Time to move on to next week's text. We will read and pray through Matthew 21:23-32. This is the Parable of the Two Sons. This little story takes us back to Jesus' Sermon on the Mount. "Everyone then who hears these words of mine and acts on them will be like a wise man who built his house on rock" (Matthew 6:24).
And it's not enough to piously cry out, "Lord, Lord!" and then do nothing about that cry (see Matthew 7:21). Apparently prophesying, exorcisms and other deeds of power won't do. Those who present this religious resume will be rebuffed. "I never knew you; go away from me, you evildoers" (Matthew 7:23).
Nor is this the chance for gleeful declarations of Lutheran desperation. It will not do to protest that thus we can do nothing at all, and that Jesus must therefore do it in our stead. It takes theological nerves of steel to read the Sermon on the Mount and come to such a conclusion. After all, we were created in Christ Jesus for good works, which is to be our way of life (Ephesians 2:10). And Paul tells us to work out our salvation with fear and trembling (Philippians 2:12).
There is danger in believing that somehow we have "arrived." This little parable is really an allegory followed by an immediate explanation. Jesus identifies the first son as "the tax collectors and prostitutes". The second son is the chief priests and the elders, as identified in Matthew 21:23. They did not listen to John the Baptist when directly exposed to his challenge.

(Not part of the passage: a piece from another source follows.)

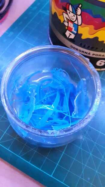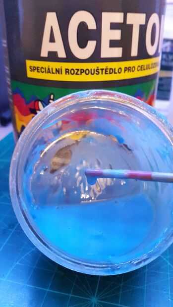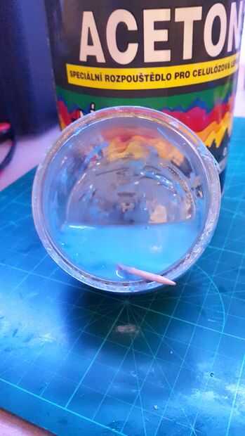 Utilizar cualquier tipo de recipiente de vidrio, mezcla ABS se puede quitar fácilmente de eso tazón de fuente después de curación completa. Utilice el mismo color del plástico del ABS como utiliza para sus impresiones. Utilizar cualquier parte exceso, cortar bordes, estructuras de apoyo e incluso cortar filamento a pellets para ser disuelto en acetona. Puesto de acetona 2-4mm en la parte inferior del recipiente. Utilice brocheta para mezclar y manipular con la mezcla, cualquier tipo de cepillo de pintura será destruido por la mezcla. Mezclar la mezcla para disolver todos enormes ABS trozos sin disolver completamente pueden usarse para rellenar grandes agujeros en el modelo, tiempo al tiempo. Colocar el vaso al lado cuando la mayoría de ABS líquido. Para empezar con mejor viscosidad cuando es caída de restos de mezcla en pincho (no caiga). Si ha terminado y la mezcla sigue siendo, hacer algunos agujeros y colinas por pincho a la mezcla antes de que seque totalmente, ayudará a disolverlo próxima vez. Partes conectadas o cubiertos con la mezcla son más fuertes cuando mezcla cura completamente.

The tax collector and prostitutes could not pretend that they had "arrived," that they belonged at the table. The chief priests and the elders, on the other hand, came from generations of folks who claimed precisely to have arrived. That sort of public identity can backfire on us. I say "us" because this allegory certainly has applications for those of us who are pretty sure we belong in church.
In a series of experiments, psychologists studied the relationship between public identity and subsequent action. In each experiment, subjects declared intentions to study harder. Some subjects believed those intentions were public. Others believed they were private. We might think the "outed" students were more likely to follow through. But the opposite was the case!
"When other people take notice of one's identity-relevant behavioral intentions, one's performance of the intended behaviors is compromised" (Gollwitzer, et al, 2009, p. 616). If I share publicly that I will study harder, be more compassionate, be more generous, I am less likely to do those things.
How can that be? The intention may serve as a substitute for the action. Adam Grant describes an experiment where participants were asked to write about themselves using either "generosity" words or neutral descriptions. Then they were asked to donate to their favorite charity. "Those who wrote about themselves as givers," Grant reports, "donated an average of two and a half times less money than those who wrote about themselves with neutral words" (Give and Take, page 247).
What in the world is going on here? "Other people's taking notice of one's identity-intentions," Gollwitzer concludes, "apparently engenders a premature sense of completeness regarding the identity goal." As Master Yoda told Luke Skywalker in The Empire Strikes Back, "Do...or do not. There is no try."
Could it be that the second son suffers "a premature sense of completeness" when it comes to obeying the father?